5th President of the Philippine Amateur Athletic Federation
- In office 1968–1970
- Preceded by: Antonio de las Alas
- Succeeded by: Ambrosio Padilla

President of the Philippine Football Association
- In office 1962–1967

Personal details
- Born: January 6, 1923 Manila, Philippines
- Died: October 18, 2018 (aged 95) Los Angeles, California, United States

= Felipe Monserrat =

Filipino sports administrator

Felipe Monserrat was a Filipino sports administrator who served as president of the Philippine Amateur Athletic Federation (PAAF) from 1968 to 1970.

==Career==
Felipe Monserrat headed the Philippine Amateur Athletic Federation (PAAF). After leading the Philippine delegation for the 1968 Summer Olympics in Mexico, he succeeded Antonio de las Alas as PAAF president. He earned a fresh mandate after he was re-elected in 1970 but he resigned "out of frustration".

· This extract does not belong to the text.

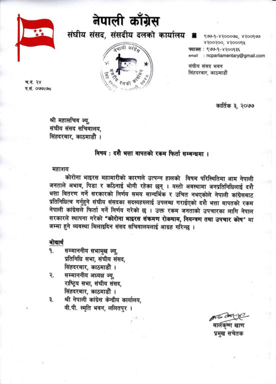 कांग्रेस सङ्घीय संसदीय दलका नेतासमेत रहेका सभापति देउवाले सांसदहरुको दशैँ खर्च सरकारले कोभिड–१९ सङ्क्रमणको उपचार र व्यवस्थापनमा खर्च गरोस् भनेर फिर्ता गर्नका लागि सोमबार बिहान निर्देशन दिएका हुन् । कांग्रेस संसदीय दलको बैठकले पछि अनुमोदन गर्ने गरी सभापति देउवाले दिनुभएको निर्देशनबमोजिम आजै सबैलाई पत्राचार गरिने पार्टीका प्रमुख सचेतक बालकृष्ण खाँणले जानकारी दिए ।
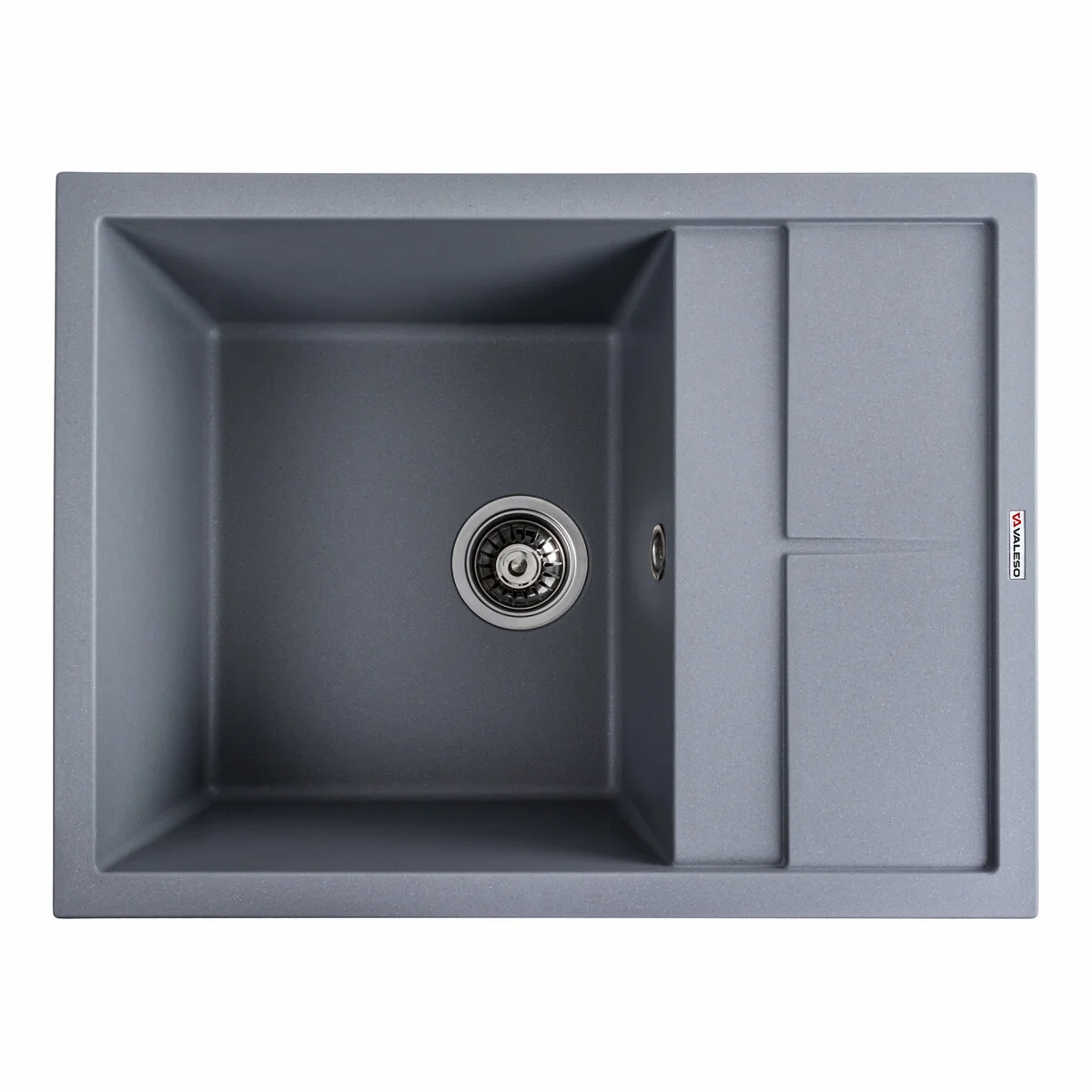 Гранітна мийка для кухні VALESO 6550 LOTOS матовий сірий металік - це вишукане рішення для вашої кухні, яке поєднує в собі стильний дизайн і практичність.

As president of the Association for the Advancement of Amateur Athletics lobbied the Congress for the passage of Republic Act No. 3135 which grants autonomy to national sports associations and decentralized the PAAF. The law was passed into law in 1962. The PAAF would later become the Philippine Olympic Committee after it was dissolved in 1974.

He was also the president of the Philippine Football Association for two terms serving from 1962 to 1967. Under his term, the Philippines would host the 1966 AFC Youth Championship. He was also convinced by sponsor San Miguel Corporation of Andrés Soriano to hire British coaches Alan Rogers and Brian Birch to handle the Philippine national team after a poor performance in the 1962 Asian Games.

==Later life==
He moved to the United States with his family in 1984 and stopped his involvement in Philippine sports due to "politics". Monserrat would die on October 18, 2018, in his residence in Los Angeles. He was married to Natividad Larena with whom he had five children.